PALANI: Ja, jullie moeten nog steeds bang zijn voor IS. Vergeet niet dat België totaal andere waarden en normen hanteert dan de aanhangers van IS. Er zijn ook verschillende burgers naar Syrië en Irak getrokken om zich bij IS aan te sluiten. Wat nu zij terugkeren naar België? Ze vallen iedereen aan die niet gelooft wat zij geloven. De sharia en het salafisme zijn heilig voor hen. Ze haten democratische samenlevingen zoals wij die in Europa kennen.

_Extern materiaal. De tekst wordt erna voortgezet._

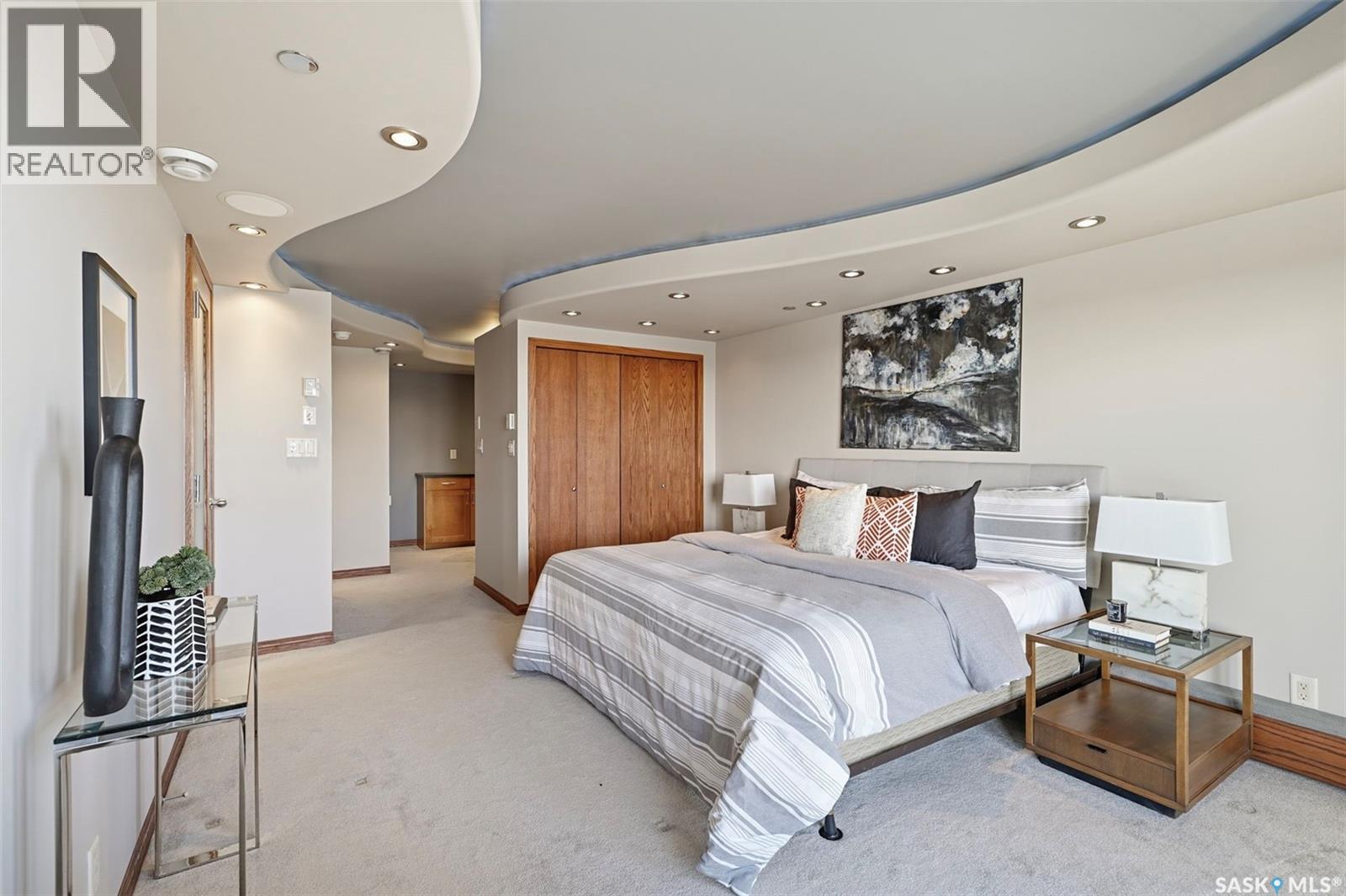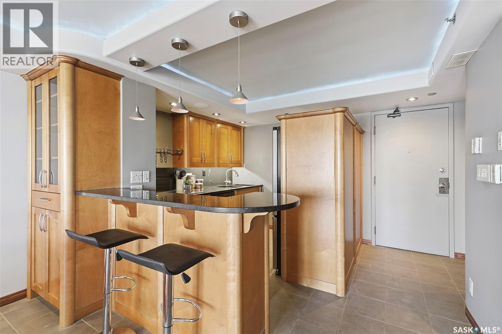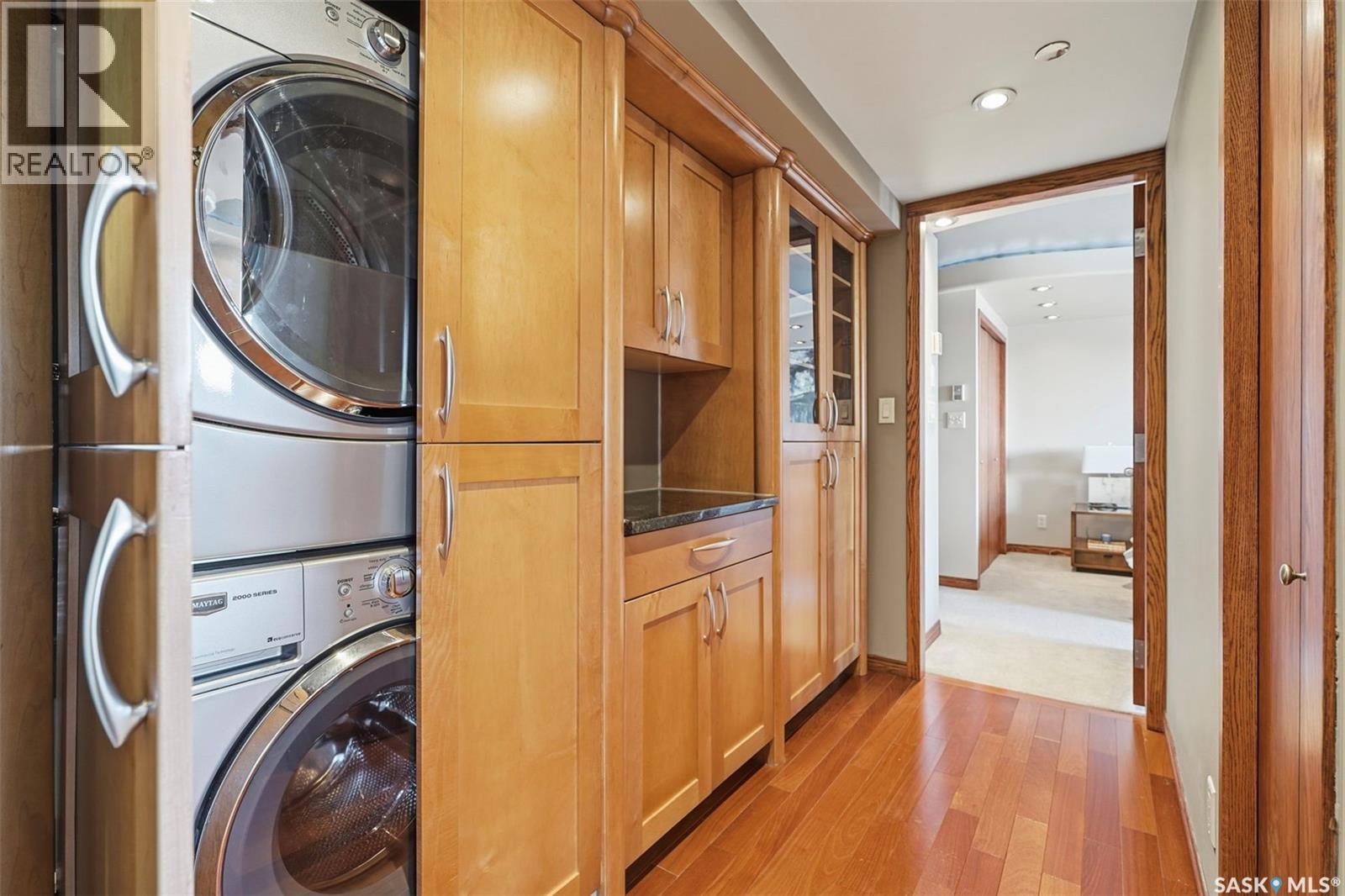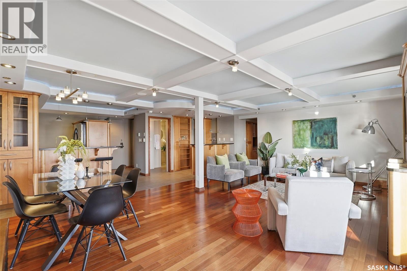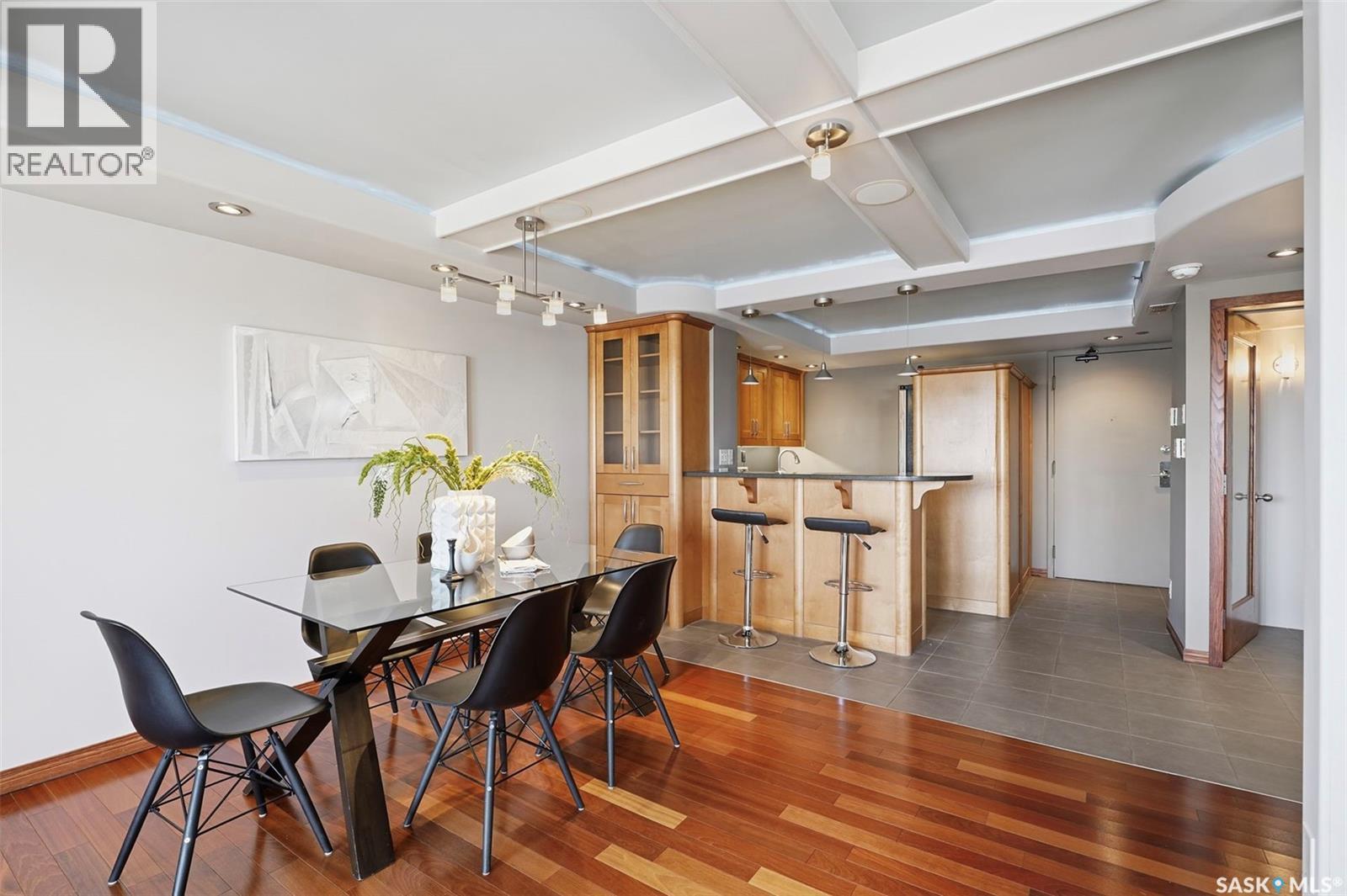 Penthouse-Style Double Unit with Unmatched River & City Views Welcome to 2505 – 311 6th Ave N, an extraordinary penthouse-style residence in one of downtown’s most reputable and highly sought-after buildings. This rare double unit, professionally combined, offers one of the largest and most unique floorplans in the entire tower—completely customized and truly one of a kind. Step inside to discover expansive living spaces wrapped in unreal river and skyline views from every window—hands down some of the best views in Saskatoon at this height. The luxury continues with gleaming Brazilian hardwood floors, granite throughout, a stunning custom wet bar, and an elegant fireplace anchoring the open-concept living room. The spacious dining area flows seamlessly to a second balcony spanning over 20 ft, perfect for entertaining. The dream primary suite features a spectacular 5-piece ensuite, complete with a jetted soaker tub, a large mist & rainfall shower, and dual sinks. Through double patio doors, the primary opens onto another private 22-ft deck perched on the 25th floor—your own serene retreat in the sky. The unit offers 2 bedrooms, a dedicated office, an additional 3-piece bathroom, and in-suite laundry. Custom maple cabinetry provides exceptional storage throughout. This rare offering includes two underground parking stalls, side by side—a true luxury in the downtown core. Residents enjoy access to outstanding building amenities, including a hair salon, convenience store, racquetball court, fenced green space, weight room, dry sauna and much more. A property of this caliber must be seen to be fully appreciated. Experience penthouse-style living with unparalleled views in the heart of Downtown Saskatoon. (29347669)
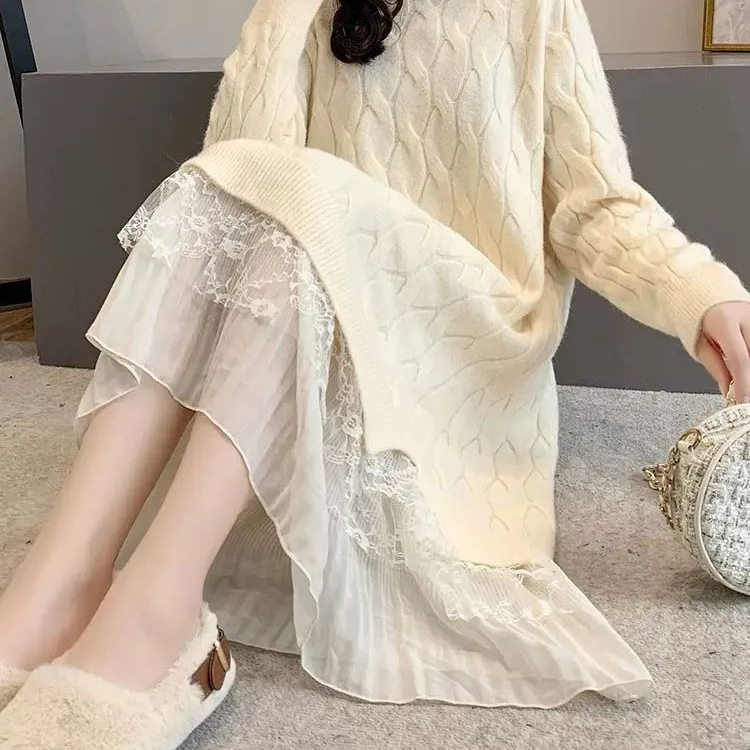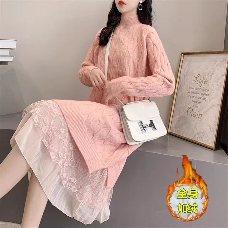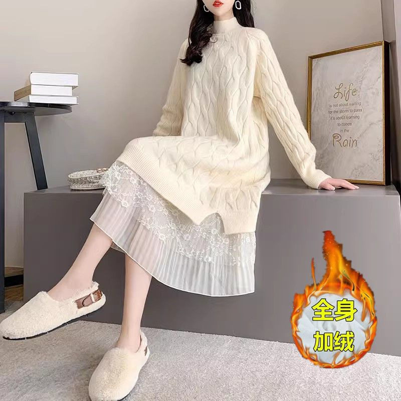 配大衣秋冬新款毛衣裙女中长款过膝宽松加绒加厚打底衫内搭连衣裙
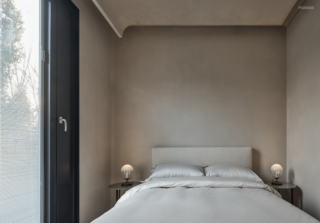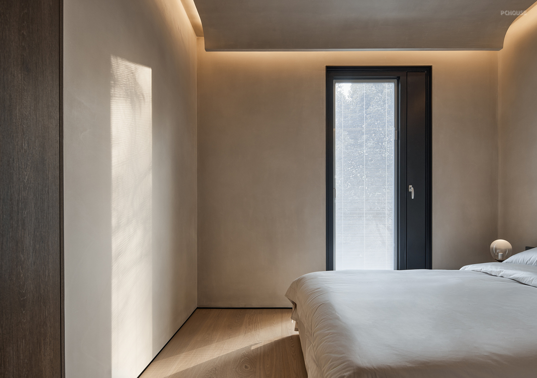 这个卧室是空间最小的,却是干脆利落的,没有一丝多余的空间浪费,每一个角落都承载着独特的功能和意义,简洁而不失温馨。阳光下的物件都显得生动而富有活力,仿佛被赋予了生命,墙上的影子斑驳陆离,增强了空间的层次感。
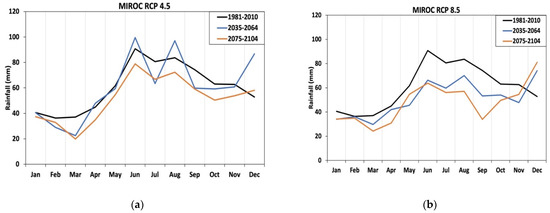 In near future, the percentage decrease in projected rainfall relative to the observed rainfall is the highest in March by 39% and September by 28% according to the MIROC-RCP4.5 and MIROC-RCP8.5 projections, respectively, whereas the percentage increase in projected rainfall is the highest in December by 64% and 40% for MIROC-RCP4.5 and RCP8.5, respectively as shown in Table 2.
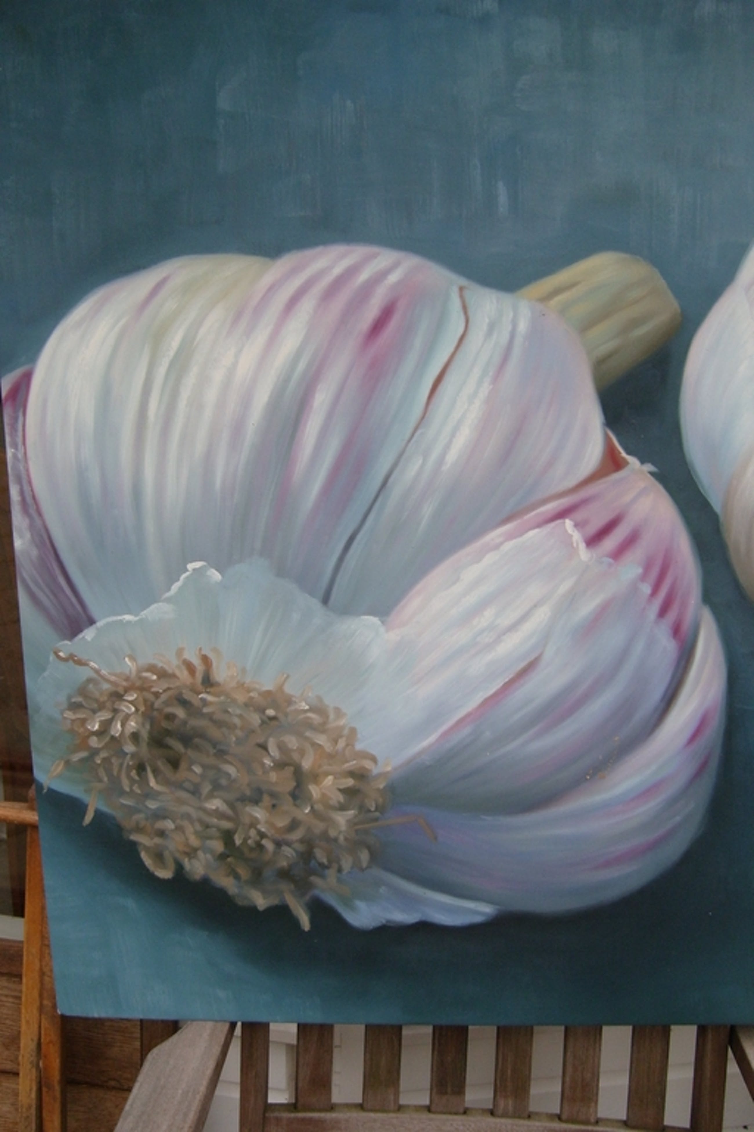 Knoflook, olieverf op linnen, kleuren, blauw/groen- oud rose/rood - wit/geel
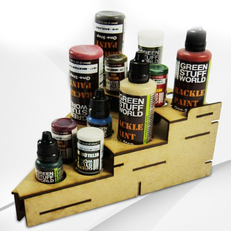 Présentoir de bouteilles de peinture fabriqué en bois MDF de haute qualité. L'assemblage pour ce présentoir est rapide et simple. Si vous souhaitez le renforcer, nous vous recommandons d'utiliser une colle blanche Standard. Cet ensemble comprend des pièces de connexion pour pouvoir le joindre à d’autres modules à gauche et à droite. Il est également compatible avec les modules de tiroir GSW.
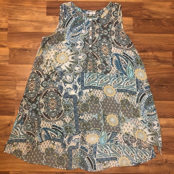 This beautiful patterned sleeveless top is very flowy and has a wonderful high/low detail.
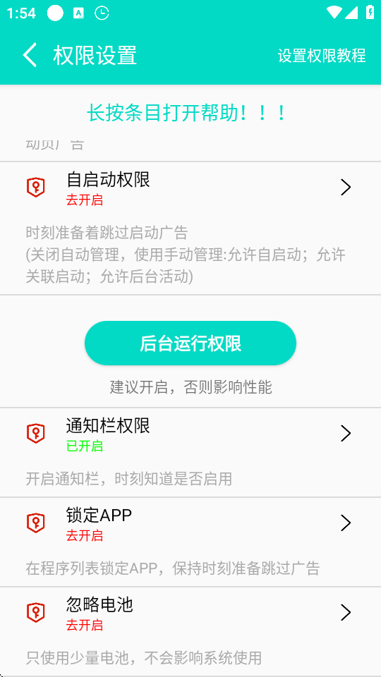 3、别忘了授权通知栏访问权限,这样软件才能及时感知广告出现。
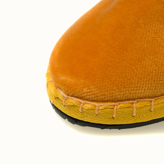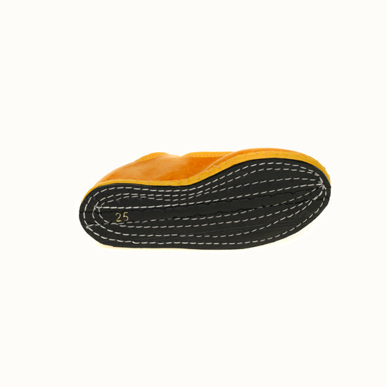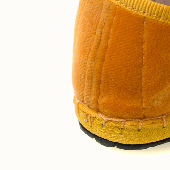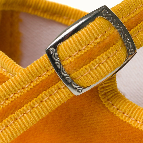 Mary-Jane en velours jaune et rebords en gros grain ton sur ton.
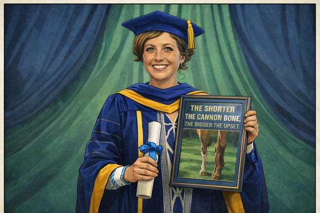 Vicky Minott completes a Master’s Degree in Equine Studies and is awarded an Honorary Doctorate for her groundbreaking Dissertation, “The Shorter The Cannon Bone, The Bigger The Upset”.
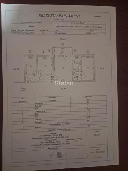 Va propunem spre vanzare un apartament cu 3 camere, situat intr-o zona linistita pe strada Miron Costin, nr. 75, in Bacau. Locuinta este situata la etajul 3 si este ideala pentru o familie care cauta un spatiu bine compartimentat si echilibrat. Detalii Suprafata si Compartimentare: Apartamentul are o compartimentare practica, avand o suprafata utila de 56.9 mp si o suprafata totala de 61.6 mp (incluzand balconul). Incaperile sunt distribuite astfel: Camera de zi: 16.6 mp (spatioasa si luminoasa) Dormitor 1: 11.5 mp Dormitor 2: 9.1 mp Bucatarie: 6.9 mp Baie: 3.4 mp Hol principal: 6.2 mp Hol secundar: 2.3 mp Debara: 0.9 mp (utila pentru depozitare) Balcon: 4.7 mp Informatii Juridice si Tehnice: Localizare: Mun. Bacau, str. Miron Costin, nr. 75, etaj III, ap. 15. Documentatie la zi: Cadastru si intabulare efectuate recent (februarie 2026). Cod unitate individuala Carte Funciara individuala Puncte forte: Etaj intermediar (3 din 4), oferind confort termic sporit. Compartimentare decomandata/semidecomandata eficienta, cu holuri ce separa zona de zi de cea de noapte. Balcon generos de aproape 5 mp cu acces din camera de zi. Spatiu de depozitare (debara) inclus in schita.

In België woedt er al een tijd een fel debat over de terugkeer van IS-strijders. Is België verantwoordelijk voor de repatriëring van IS-strijders, hun vrouwen en hun kinderen?
PALANI: Ik weet dat deze discussie in heel Europa gevoerd werd en wordt. Kijk, ik ben zelf in Irak in een vluchtelingenkamp van de Verenigde Naties geboren. Ik geloof dat elk mens recht heeft op een eerlijk, gelukkig en gezond leven, ongeacht wat ze in het verleden hebben gedaan.
Anderzijds is het ook de plicht van België om hun burgers te beschermen tegen buitenlandse bedreigingen. Je moet haast kiezen tussen de goedheid hen te helpen en de noodzaak de eigen bevolking te beschermen. Hen zomaar blindelings vertrouwen zou ik alleszins niet doen. Aanhangers van IS zijn nog steeds in staat om aanslagen op onschuldige burgers te plegen.
Maar wat met de kinderen van deze IS-aanhangers?
PALANI: Kinderen hebben niets te maken met de misdaden van hun ouders. Wie misdaden heeft gepleegd, moet vervolgd en bestraft worden, maar andere mensen moeten niet boeten.